▶ **Dataset items**:
=== Section Start ===

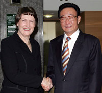 Wu also praised the New Zealand government led by Prime Minister Clark for its efforts to promote the development of bilateral relations. He pointed out that New Zealand is the first Western country to sign a bilateral agreement with China on the latter's membership of the World Trade Organization, recognize China's full market economy status and start negotiations with China on a bilateral free trade agreement.
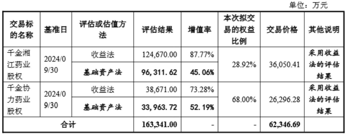 此次湘江药业、协力药业的评估增值率分别为87.77%、73.28%。从市盈率来看,笔者以2024年净利润为参考计算得出,湘江药业收购市盈率约为11.76倍(整体估值12.47亿元/净利润1.06亿元),协力药业收购市盈率约为16.24倍(整体估值3.87亿元/净利润2383.69万元),千金药业截至9月23日的动态市盈率约为18.06倍。
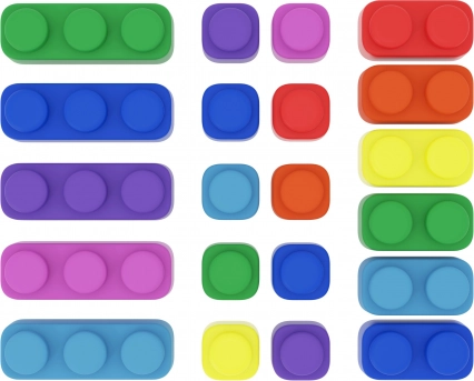 I pakken finder du en kombination af enkeltklodser, dobbeltklodser og trippelklodser, som gør det muligt at bygge både simple og mere komplekse former. Materialet er blødt og sikkert, velegnet til mindre børn og både hjemme- og institutionsmiljøer.
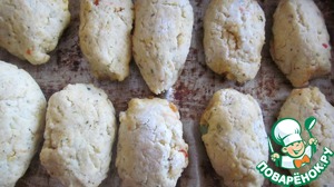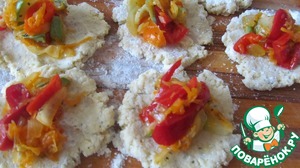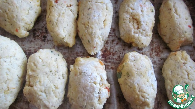 6. Тесто поделить на небольшие колобки, примять рукой, на середину положить начинку.
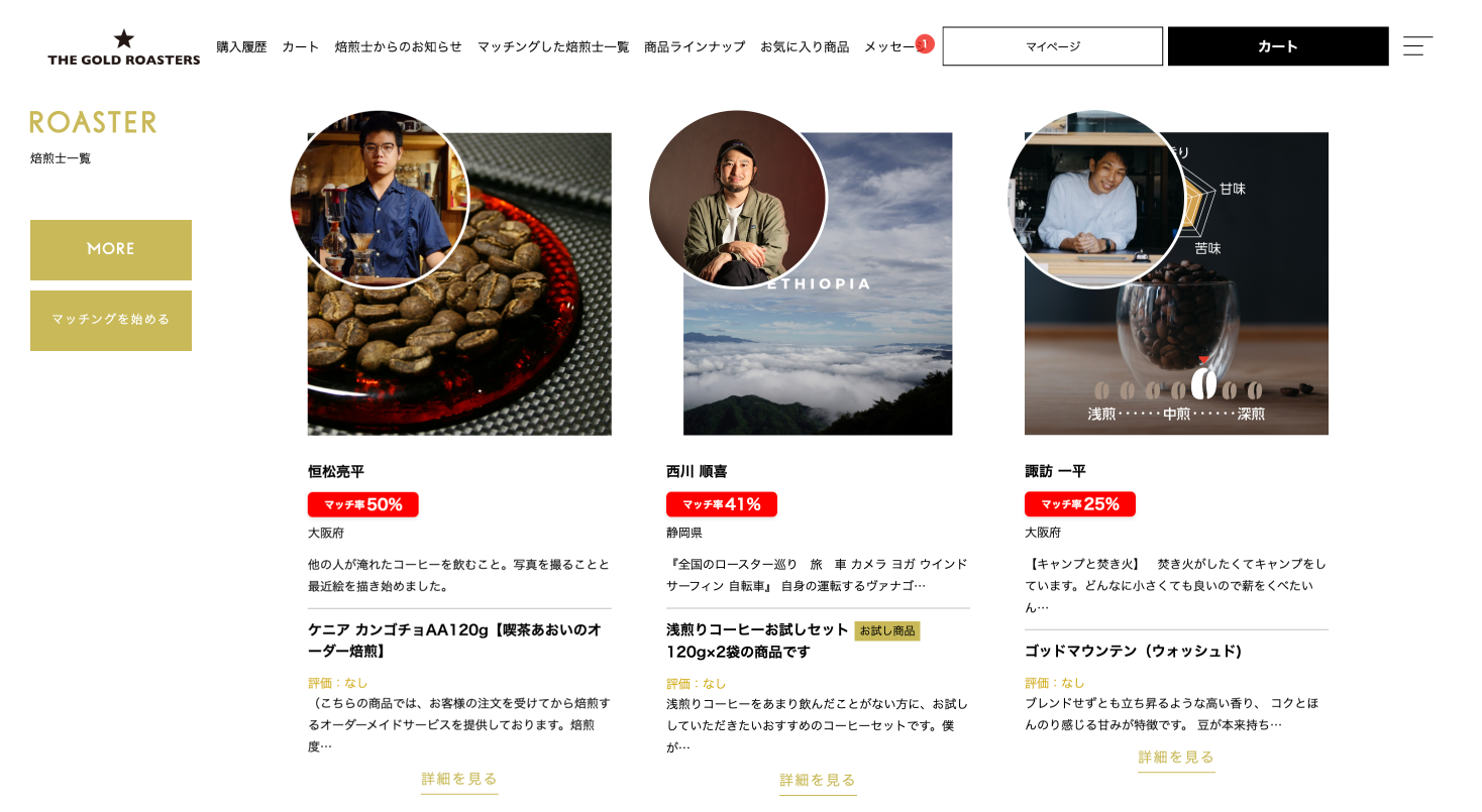 「THE GOLD ROASTERS」に所属している焙煎士の好みや取扱豆が登録されいる状態で、消費者がコーヒーの好みについて11項目を入力しコーヒー診断を行い、おすすめの焙煎士(コーヒー豆)のマッチ率が数値で表示される。
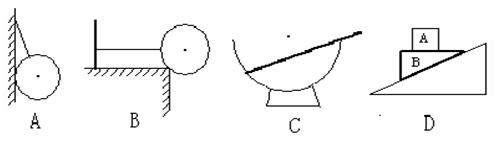 分别对下列A、B图中小球、C图中杆、D图中B物体作受力分析,并画出受力示意图。(A中小球用细绳挂在光滑的墙上,B中小球用细绳拴着搁在角上,C中杆放在光滑的半球型碗中,D中A、B两物体叠放在一起静止在斜面上,B的上表面水平)
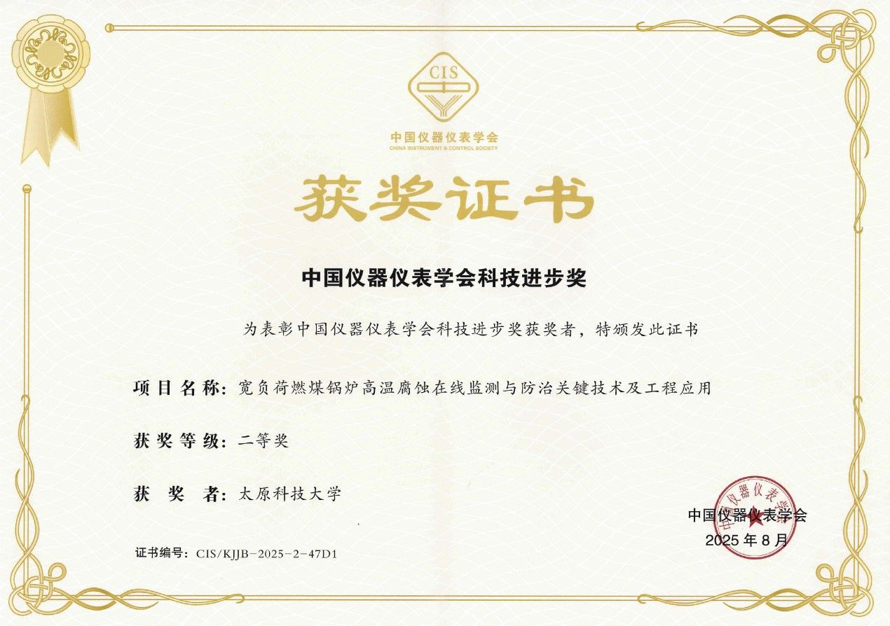 近日,由best365官网应用科学学院李传亮教授团队牵头,联合西安交通大学、山西大学、国家能源集团科学技术研究院有限公司、山西晋谱光电科技有限责任公司等单位,申报的“宽负荷燃煤锅炉高温腐蚀在线监测与防治关键技术及工程应用”荣获2025年度中国仪器仪表学会科技进步二等奖。
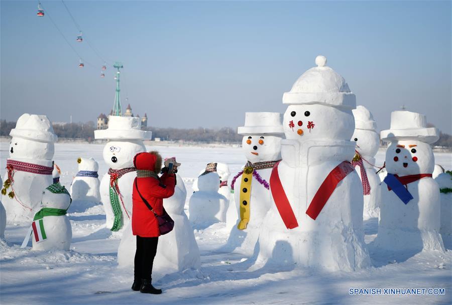 HEILONGJIANG, enero 2, 2019 (Xinhua) -- Una mujer toma fotografías de esculturas de mu?ecos de nieve en la orilla del río Songhua, en Harbin, capital de la provincia de Heilongjiang, en el noreste de China, el 2 de enero de 2019. En total 2,019 mu?ecos de nieve fueron exhibidos en el lugar para recibir el a?o 2019. (Xinhua/Wang Jianwei)
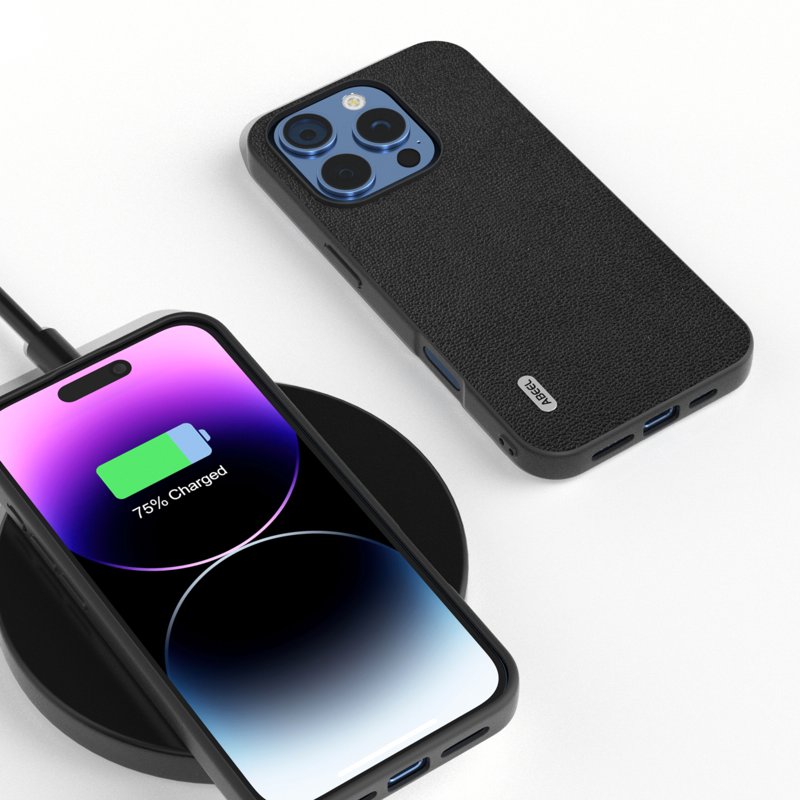 ABEEL iPhone 16 Pro Fodral Äkta Läder PC+TPU - Svart
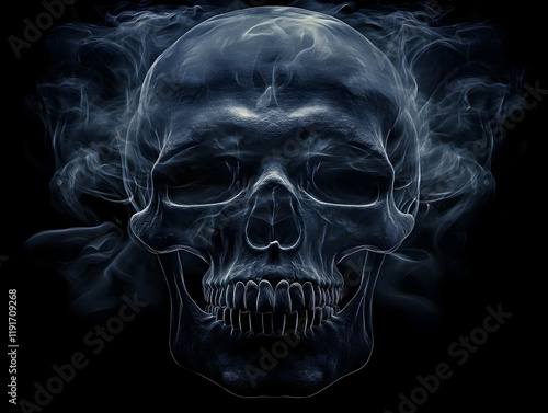 skull, smoke, dark background, skittish, mysterious, halloween, gothic, horror, death, grisly, anatomy, bone, skull, shadow, vapour, fog, eerie, creepy, abstract, art, digital artwork, illustration, three-dimensional, render, fantasy, paranormal, occult, spirit, ghost, nightmare, fear, danger, evil, magic, witchcraft, mystery, thriller, suspense
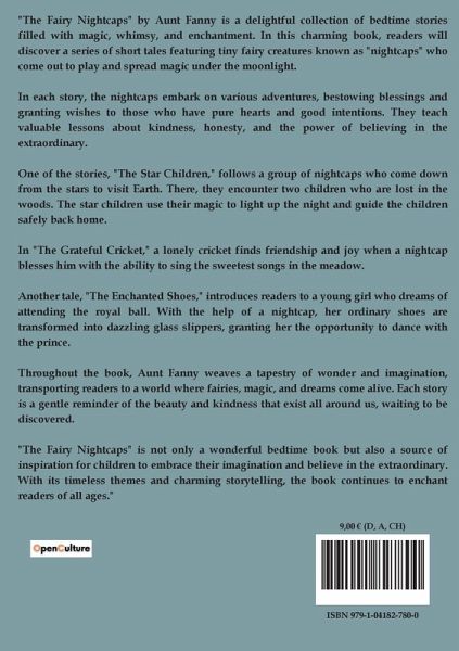 "The Fairy Nightcaps" by Aunt Fanny is a delightful collection of bedtime stories filled with magic, whimsy, and enchantment. In this charming book, readers will discover a series of short tales featuring tiny fairy creatures known as "nightcaps" who come out to play and spread magic under the moonlight. In each story, the nightcaps embark on various adventures, bestowing blessings and granting wishes to those who have pure hearts and good intentions. They teach valuable lessons about kindness, honesty, and the power of believing in the extraordinary. One of the stories, "The Star Children," follows a group of nightcaps who come down from the stars to visit Earth. There, they encounter two children who are lost in the woods. The star children use their magic to light up the night and guide the children safely back home. In "The Grateful Cricket," a lonely cricket finds friendship and joy when a nightcap blesses him with the ability to sing the sweetest songs in the meadow. Another tale, "The Enchanted Shoes," introduces readers to a young girl who dreams of attending the royal ball. With the help of a nightcap, her ordinary shoes are transformed into dazzling glass slippers, granting her the opportunity to dance with the prince. Throughout the book, Aunt Fanny weaves a tapestry of wonder and imagination, transporting readers to a world where fairies, magic, and dreams come alive. Each story is a gentle reminder of the beauty and kindness that exist all around us, waiting to be discovered. "The Fairy Nightcaps" is not only a wonderful bedtime book but also a source of inspiration for children to embrace their imagination and believe in the extraordinary. With its timeless themes and charming storytelling, the book continues to enchant readers of all ages."
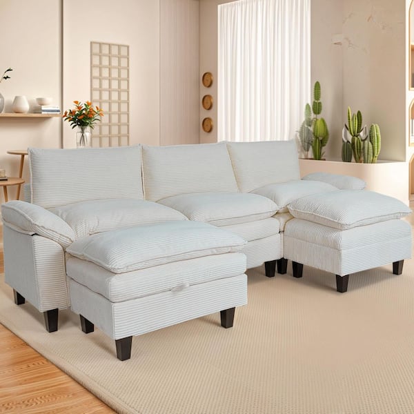 117.7 in. Pillows Armrests 5-piece U Shaped Corduroy DIY Combination Modular Sectional Sofa in. Beige with 2 Ottomans
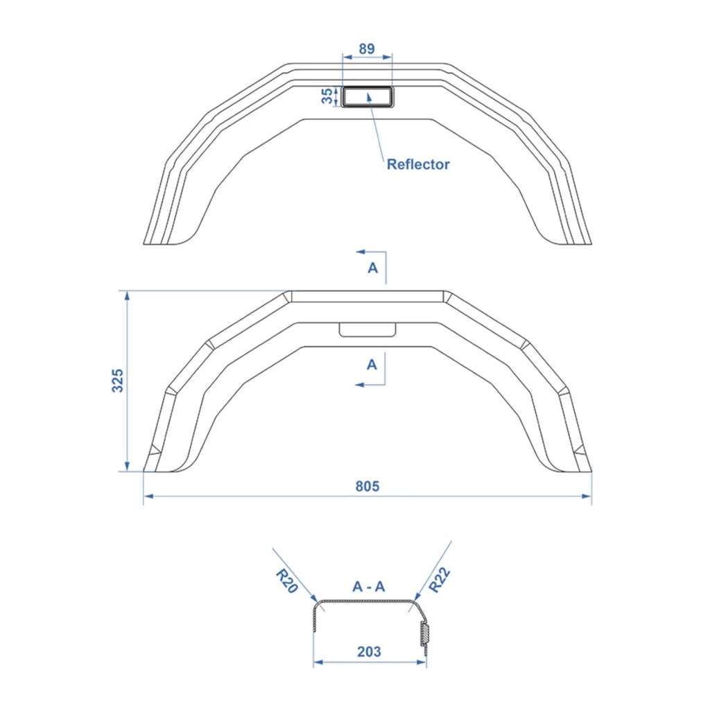 Leichter Kotflügel aus Kunststoff für 13"-Räder mit Reflektor, ist geeignet für Anhänger, Pferdeanhänger und ähnliche. Zudem hat der Kotflügel eine gewölbte Schutzkante und ist einfach zu befestigen. Durch das flexible Material, sind einfache und leichte Rempler oder Stöße kein Problem.
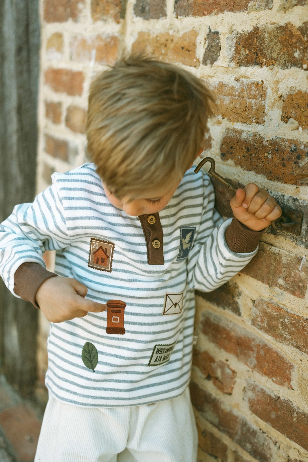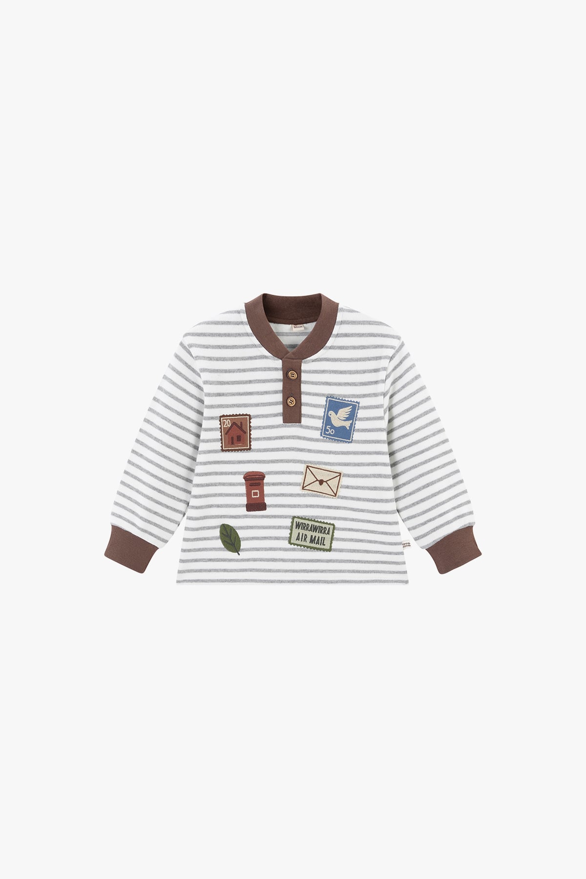 The Postal Magic Retro Sweatshirt in Chocolate captures vintage charm with a playful twist. Made from soft cotton with a touch of stretch, it feels gentle, breathable, and cozy for everyday wear. Retro-inspired details and a classic Henley neckline make this girls' sweatshirt perfect for spring outings, school days, and casual layering.
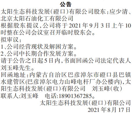 太阳生态科技发展(磴口)有限公司股东:应少清、北京太阳石油化工有限公司根据股东提议,公司将于2021年9月3日上午10时整在公司会议室召开临时股东会。
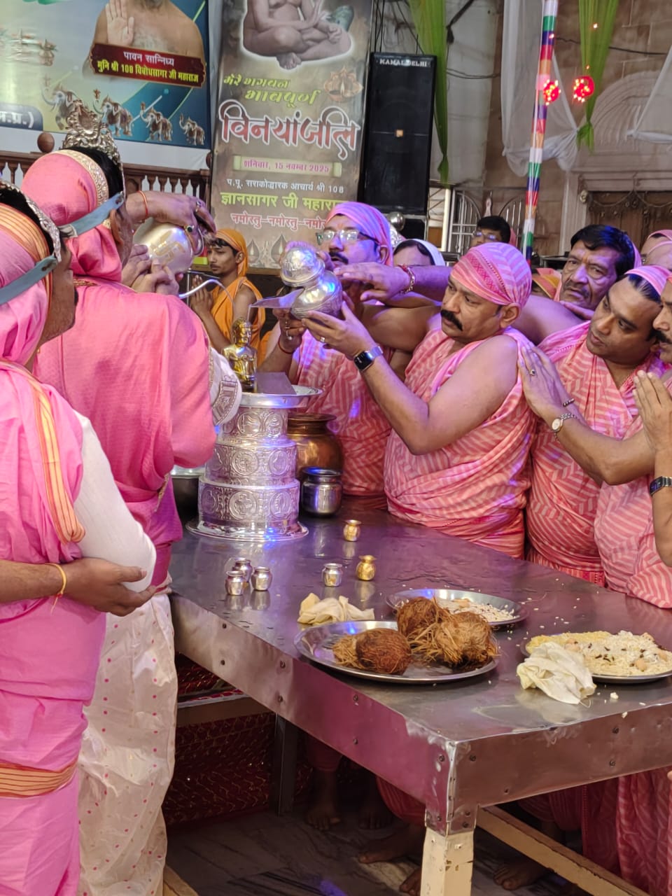 प्रातः से ही जैन मंदिर जयकारों से गुंजायमान हो रहा था। हल्के गुलाबी रंग के धोती दुपट्टे एवं माला-मुकुट से सुसज्जित, उत्साह से भरपूर युवाओं द्वारा पाण्डुक शिला पर विराजमान श्री जिनेन्द्र प्रभु की प्रतिमा का महामस्तकाभिषेक किया । यह दृश्य भक्तिमय वातावरण में एक भव्य आयोजन सम प्रतीत हो रहा था। पूज्य मुनिश्री विबोधसागर महाराज के मुखारविंद से मंत्रोच्चारण के साथ शांतिधारा हुई।
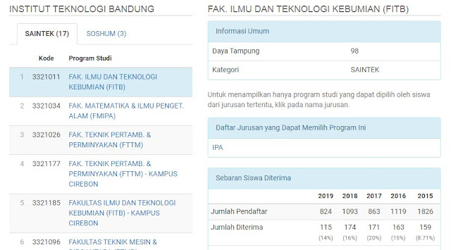 Daya Tampung 20 Prodi Itb Pada Sbmptn 2020 Berikut Peminat 2019
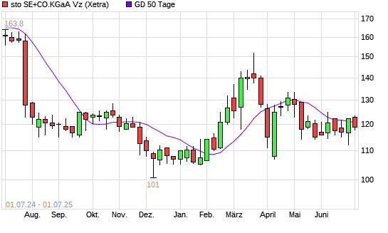 Mit dem Rücksetzer auf 120,60 EUR hat die Sto Vz-Aktie am 30.06.2025 die 50-Tage-Linie nach unten gekreuzt.

=== Section End ===

▶ **WORK ORDER**:
Take the lines from the first line of the entries through the line with "skull, smoke, dark", inclusive, and give them again exactly, minus any pictures.

▶ **RESPONSE BOX**:
 Wu also praised the New Zealand government led by Prime Minister Clark for its efforts to promote the development of bilateral relations. He pointed out that New Zealand is the first Western country to sign a bilateral agreement with China on the latter's membership of the World Trade Organization, recognize China's full market economy status and start negotiations with China on a bilateral free trade agreement.
 此次湘江药业、协力药业的评估增值率分别为87.77%、73.28%。从市盈率来看,笔者以2024年净利润为参考计算得出,湘江药业收购市盈率约为11.76倍(整体估值12.47亿元/净利润1.06亿元),协力药业收购市盈率约为16.24倍(整体估值3.87亿元/净利润2383.69万元),千金药业截至9月23日的动态市盈率约为18.06倍。
 I pakken finder du en kombination af enkeltklodser, dobbeltklodser og trippelklodser, som gør det muligt at bygge både simple og mere komplekse former. Materialet er blødt og sikkert, velegnet til mindre børn og både hjemme- og institutionsmiljøer.
 6. Тесто поделить на небольшие колобки, примять рукой, на середину положить начинку.
 「THE GOLD ROASTERS」に所属している焙煎士の好みや取扱豆が登録されいる状態で、消費者がコーヒーの好みについて11項目を入力しコーヒー診断を行い、おすすめの焙煎士(コーヒー豆)のマッチ率が数値で表示される。
 分别对下列A、B图中小球、C图中杆、D图中B物体作受力分析,并画出受力示意图。(A中小球用细绳挂在光滑的墙上,B中小球用细绳拴着搁在角上,C中杆放在光滑的半球型碗中,D中A、B两物体叠放在一起静止在斜面上,B的上表面水平)
 近日,由best365官网应用科学学院李传亮教授团队牵头,联合西安交通大学、山西大学、国家能源集团科学技术研究院有限公司、山西晋谱光电科技有限责任公司等单位,申报的“宽负荷燃煤锅炉高温腐蚀在线监测与防治关键技术及工程应用”荣获2025年度中国仪器仪表学会科技进步二等奖。
 HEILONGJIANG, enero 2, 2019 (Xinhua) -- Una mujer toma fotografías de esculturas de mu?ecos de nieve en la orilla del río Songhua, en Harbin, capital de la provincia de Heilongjiang, en el noreste de China, el 2 de enero de 2019. En total 2,019 mu?ecos de nieve fueron exhibidos en el lugar para recibir el a?o 2019. (Xinhua/Wang Jianwei)
 ABEEL iPhone 16 Pro Fodral Äkta Läder PC+TPU - Svart
 skull, smoke, dark background, skittish, mysterious, halloween, gothic, horror, death, grisly, anatomy, bone, skull, shadow, vapour, fog, eerie, creepy, abstract, art, digital artwork, illustration, three-dimensional, render, fantasy, paranormal, occult, spirit, ghost, nightmare, fear, danger, evil, magic, witchcraft, mystery, thriller, suspense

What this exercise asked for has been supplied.